Dann ist doch wieder alles anders? Doch keine THW-Brücke für Fussgänger und Radfahrer? Nach dem Plan der DB soll im Januar pünktlich zum Ende der Schulferien die neue, breitere Niddabrücke „eingeschoben“ werden, damit LKWs zukünftig durch Harheim zur Baustelle kommen können. Für die Zeit des „Einschiebens“ – man muss da von etwa 2 Wochen ausgehen – sollte das Technische Hilfswerk (THW) eine provisorische Brücke über die Nidda installieren, so dass Fußgänger und Radfahrer weiterhin die Nidda überqueren können und der Bahnhof Berkersheim und die S6 damit erreichbar sind.

Niddabrücke

So einfach wird man nicht mehr über die Nidda kommen.

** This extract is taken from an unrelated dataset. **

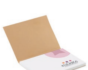
SNES50 SNES50 Notas adhesivas de papel reciclado de tapa blanda.

Aktuellen und noch nicht bestätigten Informationen zufolge kann jedoch der THW diesen Überweg wegen der unterschiedlichen Pegelstände der Nidda für diesen Zeitraum nicht bauen. Möglicherweise würden damit pünktlich zum Schulbeginn am 13. Januar Pendler ratlos am Niddaufer stehen und nicht wissen, wie die Reise zur Schule oder zur Arbeit weitergehen wird. Da in der Informationspolitik der DB Fußgänger und Radfahrer nur selten vorkommen und Umleitungen freiwillig allenfalls für Pkws organisiert werden, sollten daher alle Harheimer*innen, die für ihren Weg von oder zur Innenstadt die Nidda überqueren müssen, rechtzeitig zum Ende der Ferienzeit sicherstellen, wie sie das hinkriegen können.